WHAT YOU SHOULD DO:
The exact lines of the listing, from its first through the line that contains "活動伊始,負責人詳細介紹了扎", are to make up the answer, and pictures are to be left out.

—————

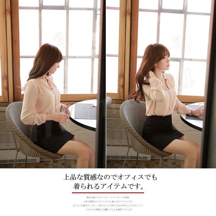 | 大人の楽チンシフォンブラウスの登場です。 深めのVネックは広すぎず狭すぎず…キレイなネックラインにこだわりました。 素材は滑らかなシフォン・ジョーゼットを使用。 上品な質感なのでオフィスでも着られるアイテムです。 ボトムスを選ばず、スカート派でもパンツ派でも合わせやすいのもポイント! これからの季節に大活躍してくれる優秀アイテム♪ | |
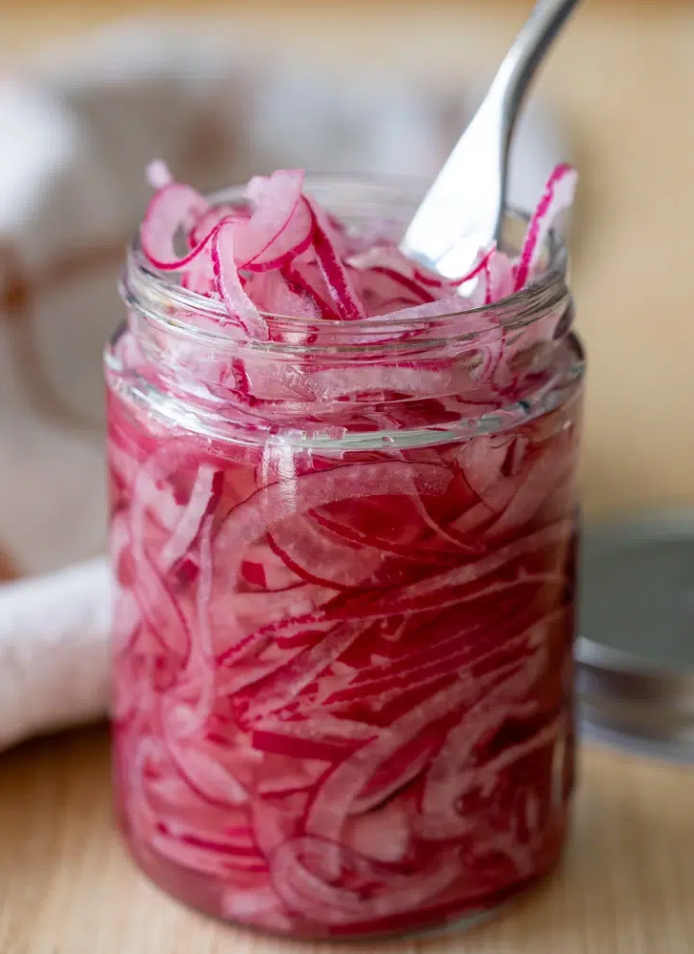 Whats the best recipe for quick pickled red onions? Do you add sugar to your brine? whats the vinegar proportion to water? thinly sliced onions or thicker cuts? do you add any spices besides salt?
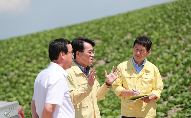 ▲태백 매봉산 고랭지 배추단지 폭염피해 현장을 둘러보고 있는 송석두 강원도 행정부지사. ⓒ태백시
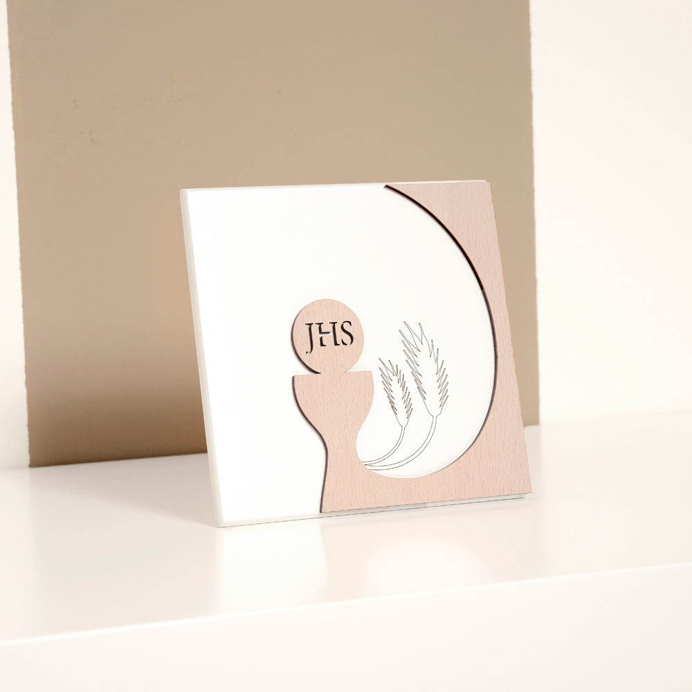 Die italienischen Handwerksmeister haben hart daran gearbeitet, einfache und lineare Oberflächen zu schaffen, die die Symbole der Eucharistie, des Kelchs und der Hostie mit Ähren hervorheben sollen. So entstand ein einfaches, aber optisch auffälliges Produkt, das man verschenken oder als Erinnerung an einen besonderen Moment darstellen kann.
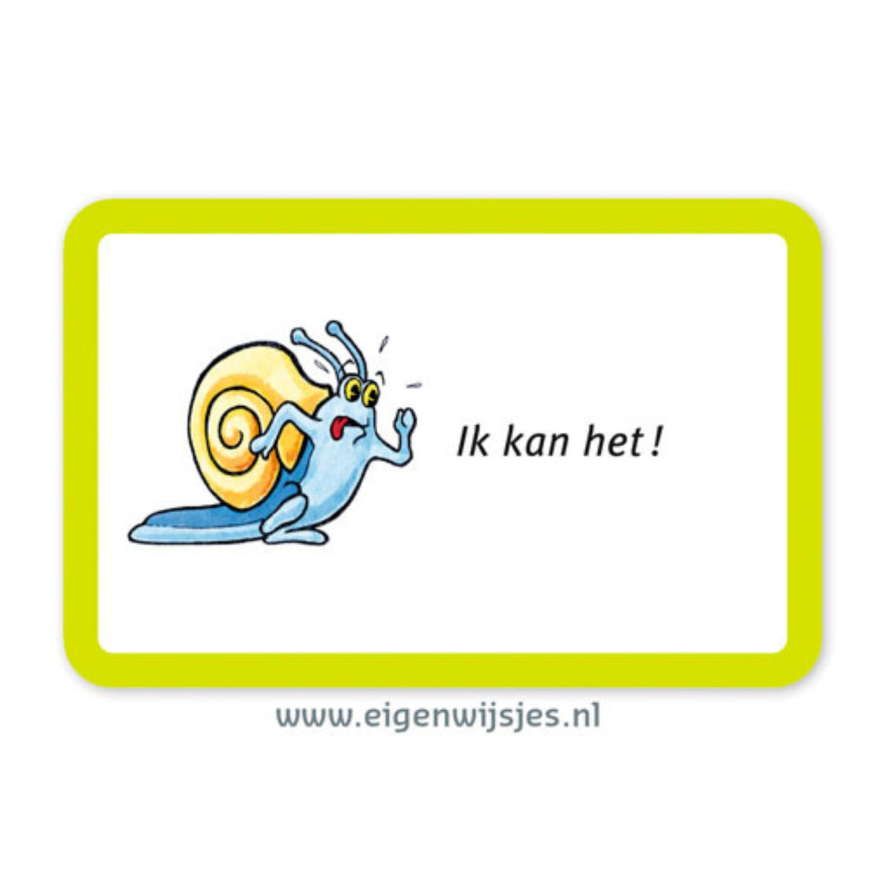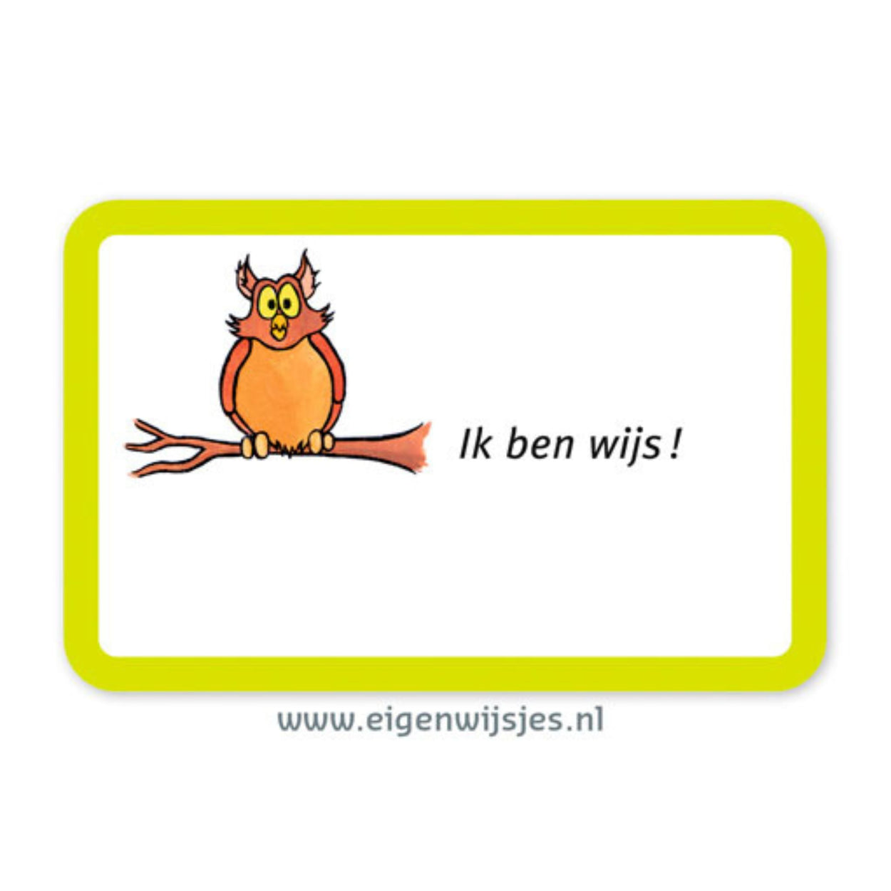Op ieder EigenWijsje staat een positieve korte krachtige zin met een bijpassend ondersteunend plaatje. Eigenwijsjes vergroten je zelfvertrouwen en helpen je om positief te leren denken.
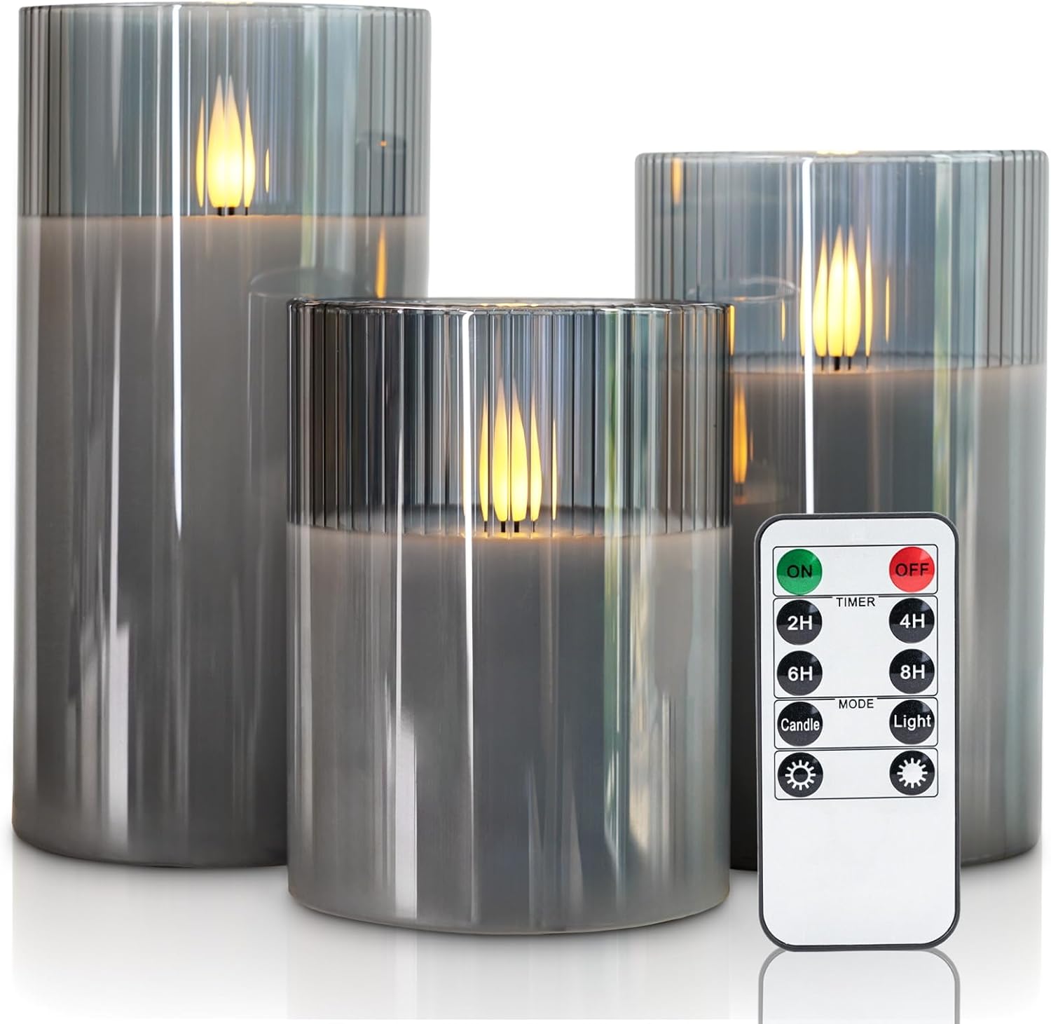 Amagic Grey Flameless Candles with Remote, Battery Operated Candles with Timer, Ribbed Glass LED Pillar Candles with Flickering Flame for Spooky Halloween Party Decor, Real Wax, Set of 3
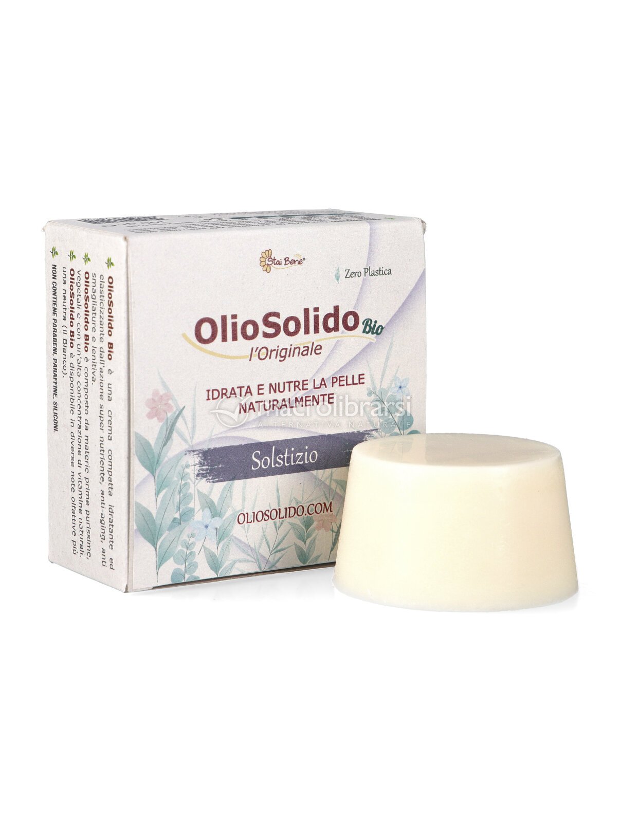 L'Olio Solido Solstizio è un panetto compatto che elimina la secchezza della pelle, restituendole un'idratazione ed elasticità mai provate, grazie ai suoi ingredienti vegetali purissimi in concentrazione massima e alle vitamine naturali contenute.
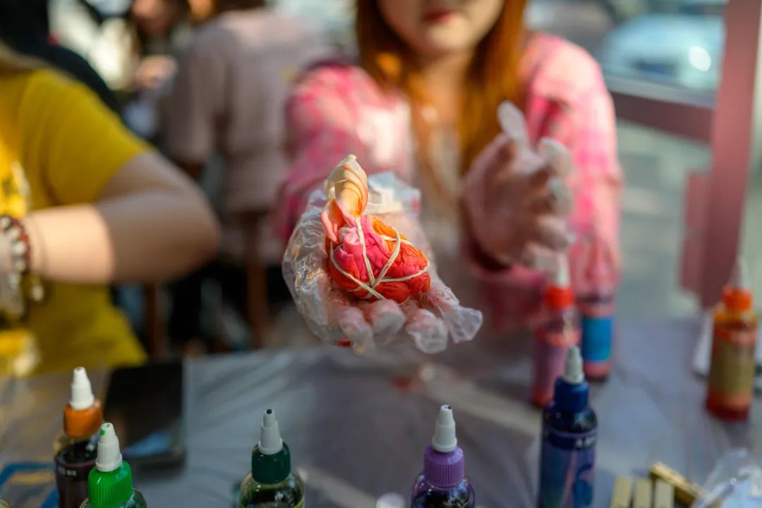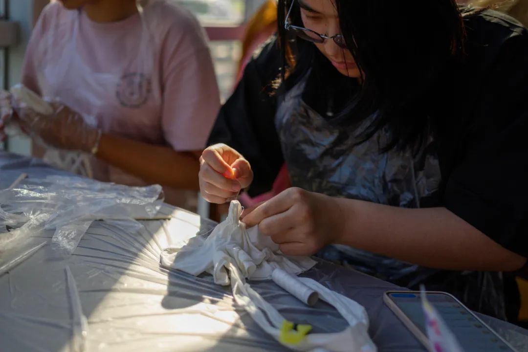 活動伊始,負責人詳細介紹了扎染的歷史淵源、工藝流程和藝術特色。扎染作為中國民間傳統而獨特的染色工藝,承載著古人的智慧與審美,其“扎結-染色-拆線”的過程充滿驚喜與期待。隨后,展示了扎染的基本技法,如“蝴蝶扎”“螺旋扎”等,巧妙的扎結方式在白布上創造出多樣的圖案肌理,為后續染色奠定基礎。
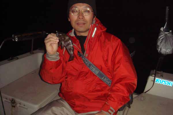| 毛利俊文様、初めてのチャレンジで良型ヒットおめでとう! 2003/11/27名古屋港 |
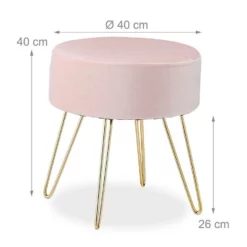 Edler Samtsitzhocker mit goldenen Metallbeinen Mit diesem kleinen Polsterhocker zieht ein Hauch Eleganz & Glamour in Ihre vier Wände. Der Samthocker in zartem Rosa verzaubert in jedem Interieur & setzt mit seinen angesagten Hairpin-Legs stylische Akzente. Wie der Hocker in Ihrer Wohnung zum Einsatz kommen soll, ist dabei vollkommen Ihnen überlassen. Egal, ob Sie ihn als Sitzhocker vor dem Schminktisch, als Fußablage oder als Beistellhocker neben dem Sofa zum Ablegen von Zeitschriften verwenden – der Dekohocker zieht die Blicke auf sich.
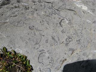 Ces massifs calcaires érodés par les intempéries s'usent. L'eau de pluie acidifiée par le gaz carbonique contenu dans l'air creuse des rigoles parfois profondes appelées lapiaz*. Cette usure laisse souvent apparaitre les restes d'organismes emprisonnés dans le calcaire. Ce sont des fossiles.
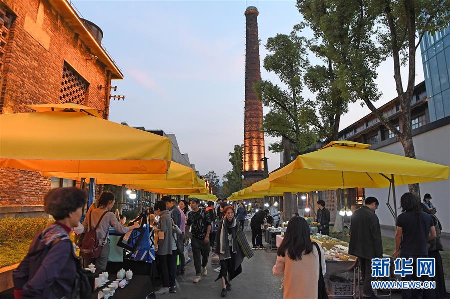 游客在江西景德鎮(zhèn)陶溪川文創(chuàng)街區(qū)內(nèi)游覽參觀(2016年10月20日攝)。新華社記者 萬象 攝
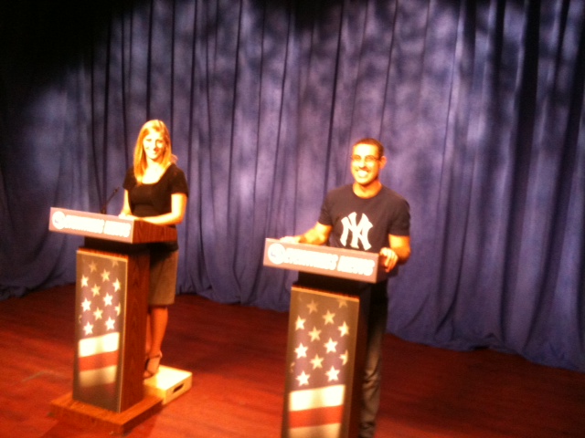 WFSB’s Allison Annino and Tony Meliso standing in for McMahon and Murphy during debate preparations on Friday

—————

RESULT FOR THIS TASK:
 | 大人の楽チンシフォンブラウスの登場です。 深めのVネックは広すぎず狭すぎず…キレイなネックラインにこだわりました。 素材は滑らかなシフォン・ジョーゼットを使用。 上品な質感なのでオフィスでも着られるアイテムです。 ボトムスを選ばず、スカート派でもパンツ派でも合わせやすいのもポイント! これからの季節に大活躍してくれる優秀アイテム♪ | |
 Whats the best recipe for quick pickled red onions? Do you add sugar to your brine? whats the vinegar proportion to water? thinly sliced onions or thicker cuts? do you add any spices besides salt?
 ▲태백 매봉산 고랭지 배추단지 폭염피해 현장을 둘러보고 있는 송석두 강원도 행정부지사. ⓒ태백시
 Die italienischen Handwerksmeister haben hart daran gearbeitet, einfache und lineare Oberflächen zu schaffen, die die Symbole der Eucharistie, des Kelchs und der Hostie mit Ähren hervorheben sollen. So entstand ein einfaches, aber optisch auffälliges Produkt, das man verschenken oder als Erinnerung an einen besonderen Moment darstellen kann.
Op ieder EigenWijsje staat een positieve korte krachtige zin met een bijpassend ondersteunend plaatje. Eigenwijsjes vergroten je zelfvertrouwen en helpen je om positief te leren denken.
 Amagic Grey Flameless Candles with Remote, Battery Operated Candles with Timer, Ribbed Glass LED Pillar Candles with Flickering Flame for Spooky Halloween Party Decor, Real Wax, Set of 3
 L'Olio Solido Solstizio è un panetto compatto che elimina la secchezza della pelle, restituendole un'idratazione ed elasticità mai provate, grazie ai suoi ingredienti vegetali purissimi in concentrazione massima e alle vitamine naturali contenute.
 活動伊始,負責人詳細介紹了扎染的歷史淵源、工藝流程和藝術特色。扎染作為中國民間傳統而獨特的染色工藝,承載著古人的智慧與審美,其“扎結-染色-拆線”的過程充滿驚喜與期待。隨后,展示了扎染的基本技法,如“蝴蝶扎”“螺旋扎”等,巧妙的扎結方式在白布上創造出多樣的圖案肌理,為后續染色奠定基礎。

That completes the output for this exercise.